Look through the listing below for the line with "Camarão com creme" and the line with "The bird above". Copy both, along with every line between them, exactly and with no pictures.

Top of INFORMATION PROVIDED

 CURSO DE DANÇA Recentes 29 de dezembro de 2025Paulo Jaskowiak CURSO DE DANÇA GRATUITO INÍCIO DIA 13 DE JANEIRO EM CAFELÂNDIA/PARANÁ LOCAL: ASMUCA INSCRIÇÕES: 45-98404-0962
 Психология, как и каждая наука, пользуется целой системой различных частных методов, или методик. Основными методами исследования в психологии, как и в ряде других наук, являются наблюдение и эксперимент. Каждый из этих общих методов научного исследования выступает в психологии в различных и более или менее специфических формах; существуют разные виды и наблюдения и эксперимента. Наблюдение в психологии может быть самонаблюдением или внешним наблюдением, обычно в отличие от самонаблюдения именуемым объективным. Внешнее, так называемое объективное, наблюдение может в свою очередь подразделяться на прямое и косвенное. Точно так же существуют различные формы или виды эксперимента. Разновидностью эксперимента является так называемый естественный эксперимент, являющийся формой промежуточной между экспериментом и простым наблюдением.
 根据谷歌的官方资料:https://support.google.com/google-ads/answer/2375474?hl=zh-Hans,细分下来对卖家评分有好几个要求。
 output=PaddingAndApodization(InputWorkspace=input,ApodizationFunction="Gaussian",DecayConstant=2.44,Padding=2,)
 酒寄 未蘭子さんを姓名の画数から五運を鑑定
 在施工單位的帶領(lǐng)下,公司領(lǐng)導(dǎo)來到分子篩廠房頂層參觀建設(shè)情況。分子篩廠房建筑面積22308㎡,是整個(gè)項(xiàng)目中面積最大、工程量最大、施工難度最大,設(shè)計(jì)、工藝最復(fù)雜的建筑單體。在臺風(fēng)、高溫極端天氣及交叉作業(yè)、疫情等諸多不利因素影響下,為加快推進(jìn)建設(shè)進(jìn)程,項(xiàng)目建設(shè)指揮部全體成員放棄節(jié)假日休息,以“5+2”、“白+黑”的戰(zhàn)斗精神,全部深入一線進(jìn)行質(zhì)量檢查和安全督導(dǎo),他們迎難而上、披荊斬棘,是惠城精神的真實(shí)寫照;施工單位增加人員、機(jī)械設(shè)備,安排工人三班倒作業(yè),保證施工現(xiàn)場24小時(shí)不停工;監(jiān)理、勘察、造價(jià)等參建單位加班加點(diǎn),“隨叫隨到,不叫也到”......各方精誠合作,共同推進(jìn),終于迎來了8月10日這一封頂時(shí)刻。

Bottom of INFORMATION PROVIDED
Top of INFORMATION PROVIDED

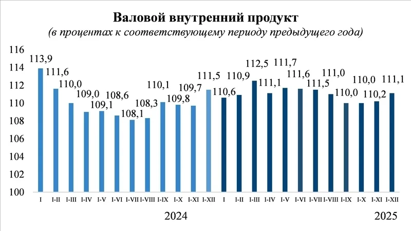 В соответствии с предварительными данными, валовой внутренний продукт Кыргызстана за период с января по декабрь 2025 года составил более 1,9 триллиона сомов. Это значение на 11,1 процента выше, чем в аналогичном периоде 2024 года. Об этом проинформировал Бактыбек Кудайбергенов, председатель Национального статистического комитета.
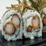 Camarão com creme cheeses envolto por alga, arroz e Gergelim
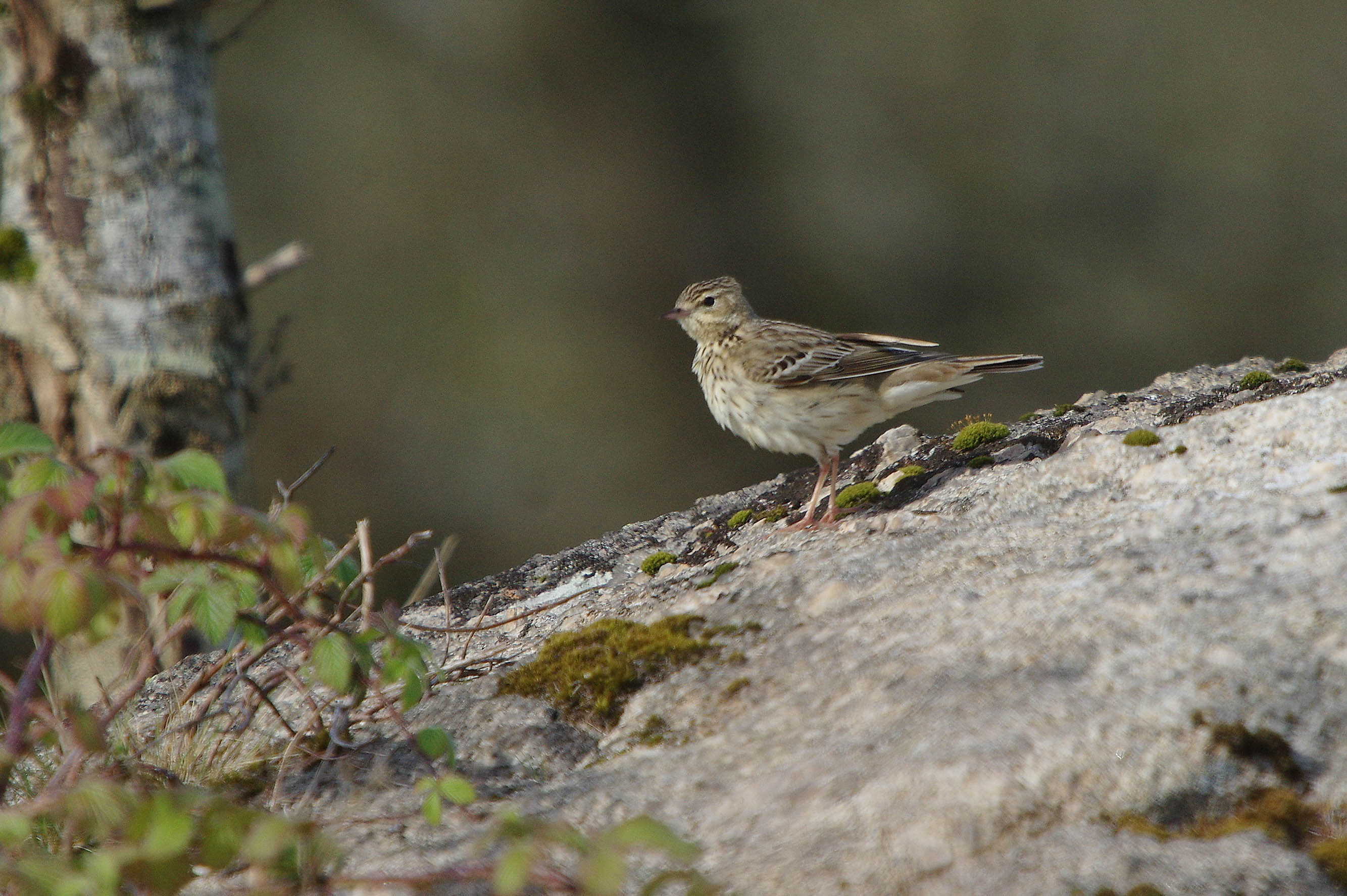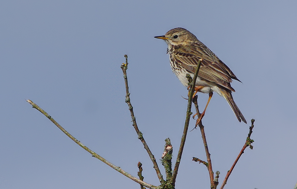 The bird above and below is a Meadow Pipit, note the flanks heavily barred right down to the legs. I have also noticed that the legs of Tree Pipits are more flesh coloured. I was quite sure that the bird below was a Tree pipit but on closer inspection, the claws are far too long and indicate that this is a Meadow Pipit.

Bottom of INFORMATION PROVIDED
Top of INFORMATION PROVIDED

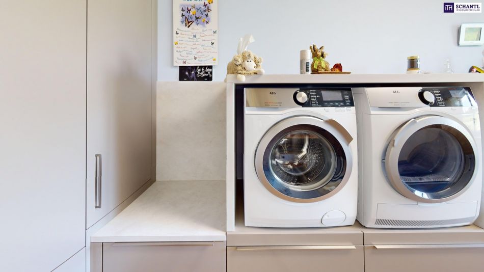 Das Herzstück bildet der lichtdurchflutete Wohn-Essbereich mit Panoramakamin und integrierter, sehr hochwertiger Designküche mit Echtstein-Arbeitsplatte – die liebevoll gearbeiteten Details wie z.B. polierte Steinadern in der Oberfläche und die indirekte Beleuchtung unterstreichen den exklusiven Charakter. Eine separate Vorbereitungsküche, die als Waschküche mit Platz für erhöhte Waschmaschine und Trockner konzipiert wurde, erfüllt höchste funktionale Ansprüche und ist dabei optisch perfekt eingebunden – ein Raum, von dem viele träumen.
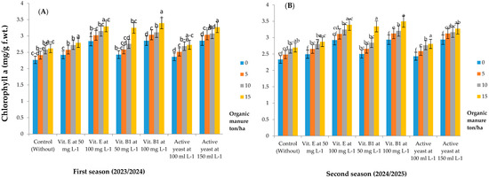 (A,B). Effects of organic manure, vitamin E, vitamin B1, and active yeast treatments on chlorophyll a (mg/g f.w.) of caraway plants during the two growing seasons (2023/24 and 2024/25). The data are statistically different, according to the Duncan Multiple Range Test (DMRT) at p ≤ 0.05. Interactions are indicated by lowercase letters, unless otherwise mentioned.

Bottom of INFORMATION PROVIDED

SOLUTION FOR THIS PROBLEM -
 Camarão com creme cheeses envolto por alga, arroz e Gergelim
 The bird above and below is a Meadow Pipit, note the flanks heavily barred right down to the legs. I have also noticed that the legs of Tree Pipits are more flesh coloured. I was quite sure that the bird below was a Tree pipit but on closer inspection, the claws are far too long and indicate that this is a Meadow Pipit.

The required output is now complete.